But lots of people, (in the US if going by what you see in Youtube videos), never used any safety measures, (ie riving knife, blade guard,keeping hands away from blade etc), to start with.

And Sawstop will let them continue to use a table saw like that, why would they start to use any safety measures? Safety measures are for sissies, right?
 
JohnPW":20uo1ap5 said:
But lots of people, (in the US if going by what you see in Youtube videos), never used any safety measures, (ie riving knife, blade guard,keeping hands away from blade etc), to start with.

And Sawstop will let them continue to use a table saw like that, why would they start to use any safety measures? Safety measures are for sissies, right?
Ha, ha. Your contribution, along with quite a few others, over the last seven pages seem to pretty much reiterate my contribution way back on the first page. It's interesting and rather funny how sometimes a thread meanders and dances all around a subject only to end up with little or nothing said that wasn't already known. Slainte.
 
JohnPW":ensxb74y said:
I don't see Sawstop as a license to be abandon standard safety measure. No reason you can't use 2 pushsticks, riving knife, crown guard, a healthy amount of fear/respect for the machine and Sawstop as an extra layer of protection. Apart from the initial dent in the wallet, where's the downside?

But lots of people, (in the US if going by what you see in Youtube videos), never used any safety measures, (ie riving knife, blade guard,keeping hands away from blade etc), to start with.

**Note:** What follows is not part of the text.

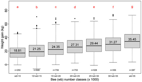 Boxplot series of seven classes of honey bee numbers. Step of increase: 5000 bees. Red letters result from a pairwise Student test (p-value < 0.05). Number in each box plot is the average total weight gain for that class. Number “n=” below each box plot is the number of hives surveyed for that class. Annual variations are shown in Appendix A: Figure A2.
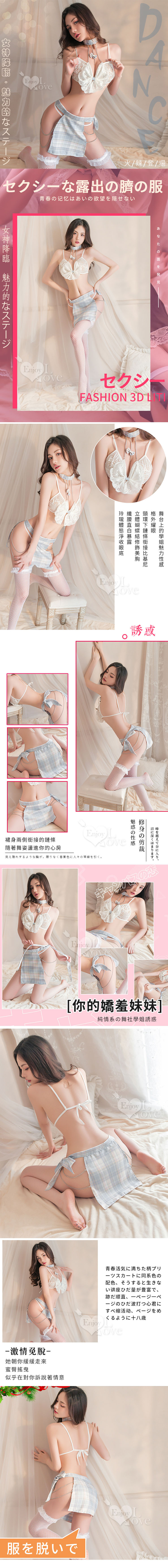 格紋頸環接蝴蝶結比基尼兩側鍊條小短裙五件式套裝

And Sawstop will let them continue to use a table saw like that, why would they start to use any safety measures? Safety measures are for sissies, right?
It's like riding a bike without bothering to learn about brakes, instead a gadget automatically pokes a stick between the spokes when an emergency stop is needed - if you are lucky, it's working, not been switched off etc
 
Another thing that I should have known! :oops:
I should really read and thoroughly understand the HSE and PUWER , and what other organisations have you, advice.
Most aren't the most novice friendly read, or presented in a more thoroughly understandable easy to read from a novices perspective manner unfortunately
That should be a regulation in itself if they really cared. :x

Thanks Steve :)
We can never know too much about this !
Tom
 
Sometimes the regs are ambiguous and should be seen as guides rather than being prescriptive. Easily misread - where they don't recommend something per se it shouldn't necessarily be interpreted as deprecation.
The two (standard design) push stick method gives higher level of safety than what the regs appear to recommend.
I haven't got them in front of me but I seem to recall that they recommend grippers and push blocks at some point. IMHO this is bad advice.
Steve's various interesting variegated push sticks are all very well, but I think the default should be the well known standard pattern (below) as it is very effective. Keeping to one design increases familiarity, safety and versatility.